How to eliminate unused columns

cybrkup · February 18, 2020, 8:13pm

Hi all… I’m not sure where to start with this.

I have a table with 2000+ columns, but most of them are probably never used so I want to eliminate them. However, I don’t know in advance which ones can be eliminated and moreover, the list of which ones can be eliminates is not constant. This is for time-series forecasting, so I can’t peek into the future, so to speak.

Example:
With a table of 2000+ columns and 10000 rows, I’m using a Window Loop to step through a size of 1000 rows at a time and using dimensional reduction to remove unnecessary columns. The next Window steps forward 1 row, analyzing the 1000 rows to identify unnecessary columns (which includes 999 rows that were already analyzed). There is very little variation from one step to the next, but over time the drift in columns retained can be significant.
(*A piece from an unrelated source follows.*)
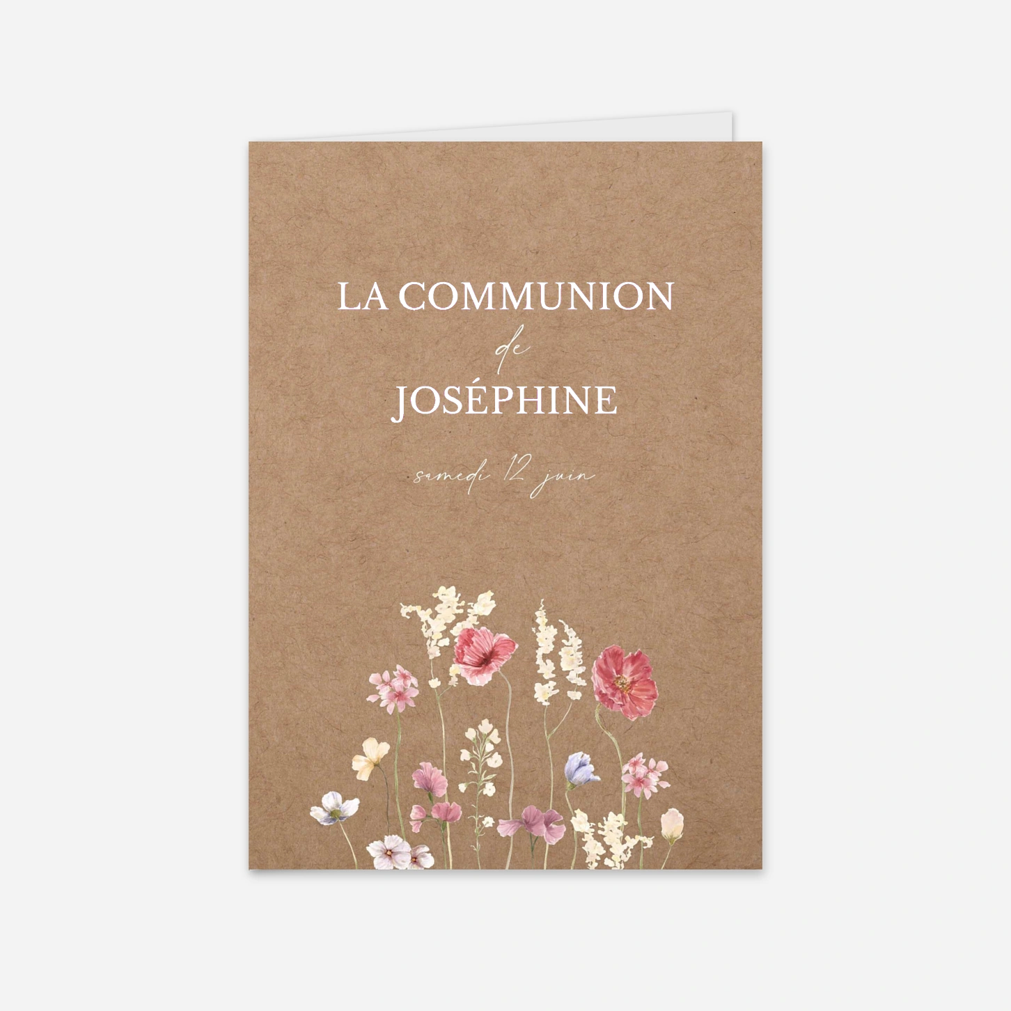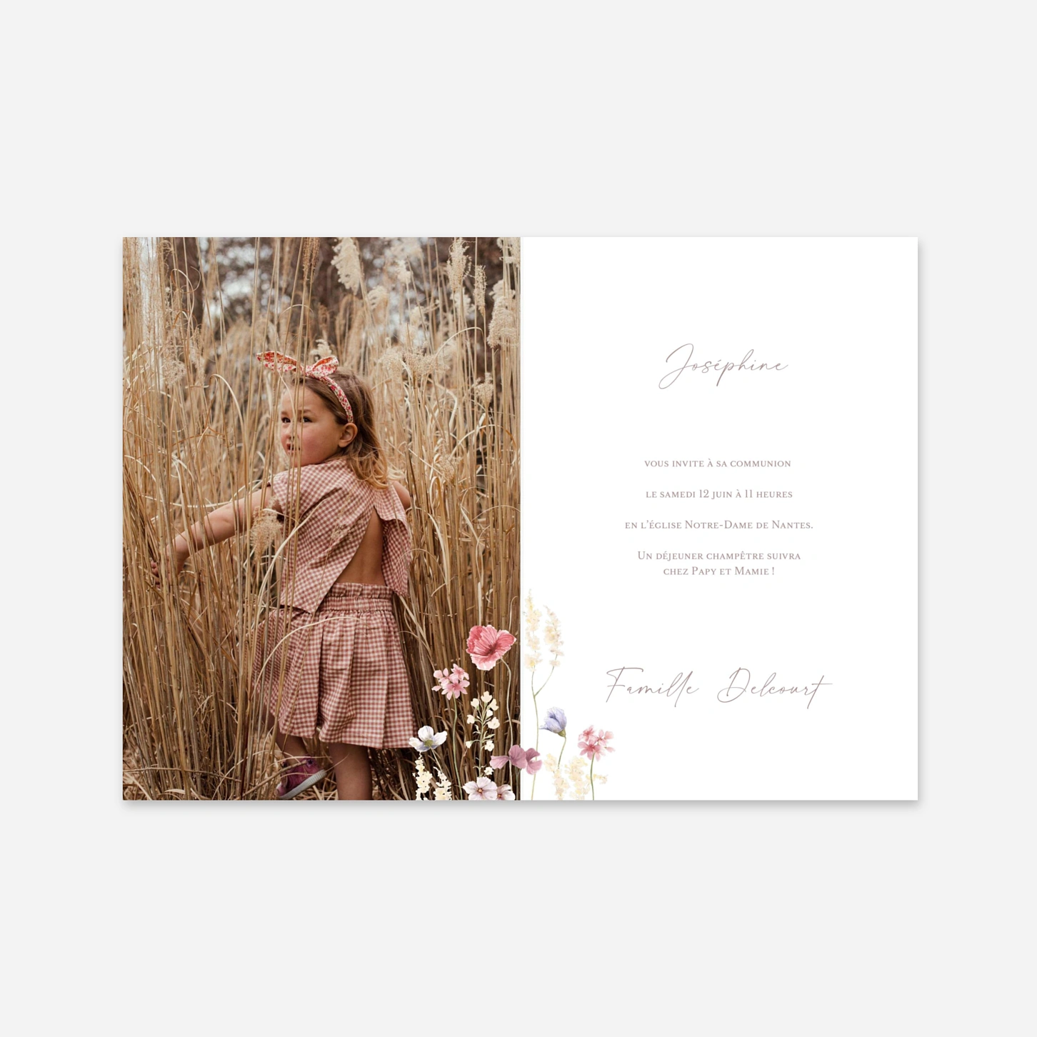 Annoncez cette célébration printanière avec tendresse grâce au faire-part de communion « Jardin de douceur », une création qui fleure bon la nature et la sérénité. Ce modèle se pare d'élégantes illustrations florales à l'effet aquarelle, apportant une touche de poésie et de fraîcheur à votre annonce. Imaginé par nos designers et imprimé avec soin dans nos propres ateliers, ce faire-part garantit un rendu délicat sur nos plus beaux papiers premium. Profitez d'une configuration facile du texte pour convier vos proches à cet événement spirituel avec une invitation qui vous ressemble. Personnalisez votre ensemble en ligne dès maintenant.

This is taking a lot of time. As a pre-processing step, I want to identify the “core” set of columns that will be used in any of the later processing steps. I would strip down my dimensional reduction process to speed it up significantly for this pre-process step; it just needs to get the ballpark list of columns. I can do step sizes of 10 (or whatever), but will loosen the criteria significantly to not eliminate columns that might otherwise be used. It is critical that I not eliminate any columns that would otherwise be included if I hadn’t done this pre-processing.

Later, using the “core” columns, I can then run the through dimensional reduction process and it ought to be much faster overall… at least that is my working theory.
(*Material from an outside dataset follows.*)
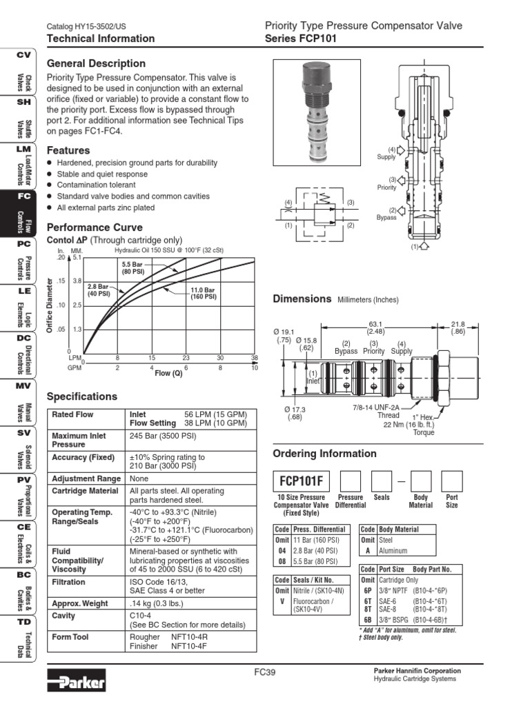 Hydraulic Cartridge System Parker HY153502US PDF Valve

Any ideas how to implement this?

I’ve tried to use the Window Loop, but then I end up with a table that has a massive number of duplicate rows (although an efficient set of columns).

Thanks in advance.

elsamuel · February 18, 2020, 10:12pm

Hi @cybrkup

What technique are you using to reduce the dimensionality?

cybrkup · February 19, 2020, 12:00am

Low Variance Filter - 0.01
Missing Value Column Filter - 20% threshold
Constant Value Column Filter
Linear Correlation / Correlation Filter - 0.5 corr, on each unique input file. Then I join all those results and do another round of 0.8 on the table of all joined inputs.

From the typical starting point of 2000+ columns, it typically gets down to <100 final columns for any given batch of input rows.

system · August 19, 2020, 12:00pm

This topic was automatically closed 182 days after the last reply. New replies are no longer allowed.